А однажды монашенки-беспоповки, вернее, старые девы, ехали из своих Келий на трех лодках. Дело было весеннее и о ту пору зябкое по этим местам, и только дуралей какой или умалишенный стал бы купаться в вешней воде. Еще березы стояли нагие и не оделись листом.

Увидел Федор из окна — вот так же тогда сидел, — что плывут староверки, выскочил из ворот, на ходу сапоги смазные стянул, даже не присев, и с разбегу, охнув, плюхнулся животом в реку. И поплыл неуклюже, но сильно, и такой шум навел, словно табун лошадей промчался. Манатейная монахиня Агния, злая старуха, у баб она вроде наставницы, весло сразу на мужика подняла и норовит его по лбу изо всей силы треснуть. Уж вроде стара, но сурова, и силы — на доброго мужика: хорошо, промахнулась, а то бы раскроила Федору череп.
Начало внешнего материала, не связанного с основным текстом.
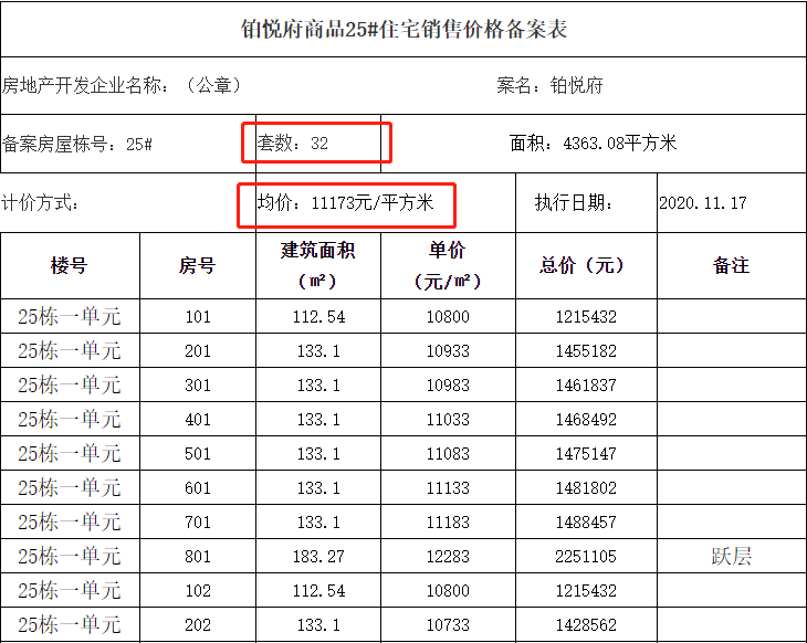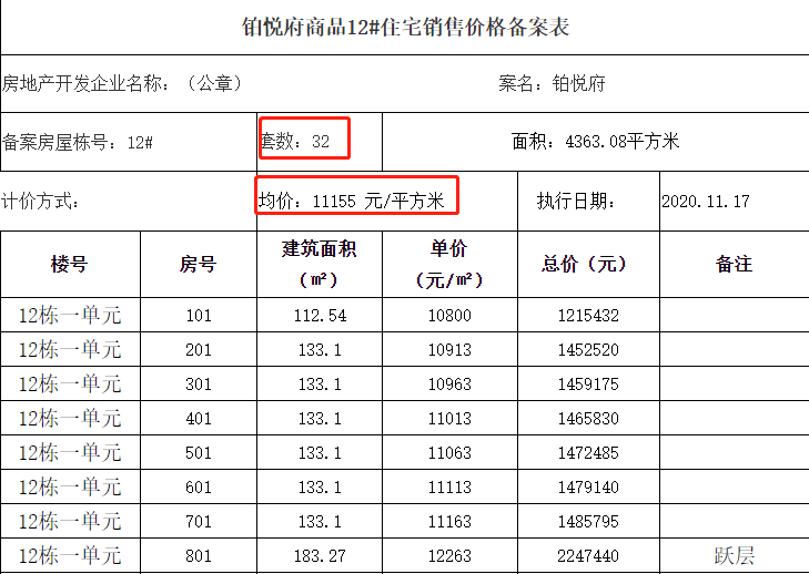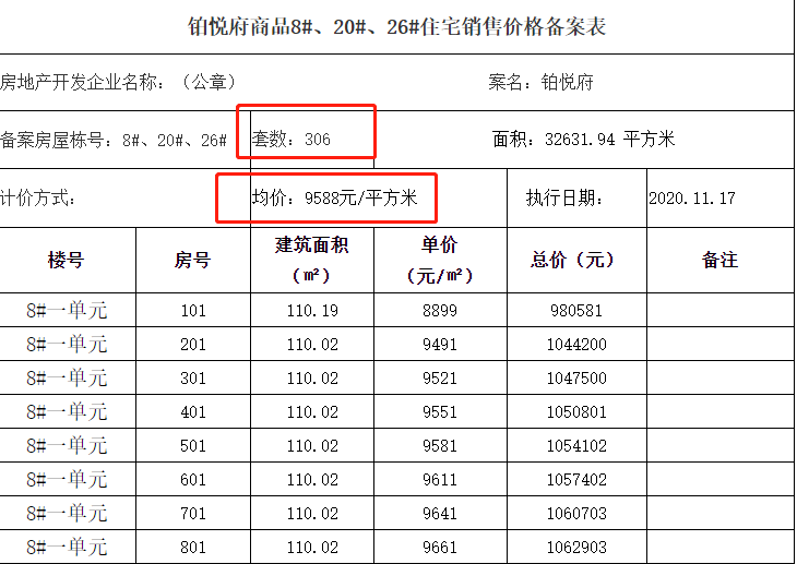 铂悦府此次备案了8#、20#、26#,共计306套房源,备案均价9588元/㎡。

— Иди охальник отседова… Э-э-э, чё пасть щеришь. Бесстыжа твоя харя.

А Крень не испугался, от весла в сторону ушел, за корму ухватился и давай раскачивать лодку. И такой тут шум пошел, толкотня. Бабы разорались не столько от страха, сколько от разновеселья — все хоть жизнь постную разбавили, теперь будет что друг дружке рассказать.

— Не я, Крень, если не потоплю всю шушеру. Раз мужики на вас не зарятся, пусть хоть река примат.

И в какой-то миг поймал Федор печальный взгляд еще совсем молодых глаз. Белолицая девица с маленьким ртом протяжно смотрит и молчит. Смутил Креня этот взгляд, хохотнул на прощанье и поплыл к берегу.

Но с того дня по туманным утрам летела гусиным пером легкая лодочка к монашеским кельям. И еще долго за поворотом можно было слышать серебряное пение воды. Возвращался Федор в Вазицу с мягким лицом. В эти дни в глаза Пелагее не смотрел, а она молчала.

* * *

Пожалуй, в Вазице нынче и не упомнят, а может, кто и виду не подает, что знает, как не однажды летала лодочка Креня по росной реке. Был он к тому времени в годах, к сорока придвинулось, но вот сошел с ума. До Келий Федор обычно не доезжал, прятал посудину в кустах и распаханными полями добирался до монашеского общежития. Один длинный деревянный дом, часовенка да дюжина крестов — все это тонуло в душистом иван-чае, багульнике и смородине. А кругом тишина: обрезать бритвой волосину— слышно будет. Где-то вдалеке, наверное, у Белого озера, вздрагивала кукушка и тут же покорялась тишине. Мягкий туман, сиренево отсвечивая, как дым от потайного костра, уплывал в таежный бурелом.

Каждый раз, прежде чем крикнуть куликом, Крень слушал тишину. А нынче не знал он, что по длинному коридору монашеского общежития идет манатейная монахиня: ведь людям в годах вечно не спится, словно забот выше рта. Она считает туфли, что стоят у дверей келий: тут несколько женок совсем в зрелых годах, так не сбежали бы на ночь в деревню. Просчитав туфли и длинно зевнувши, идет досыпать на жесткое ложе, не ведая, что от скрипучих половиц очнулась от сна молодая скитница.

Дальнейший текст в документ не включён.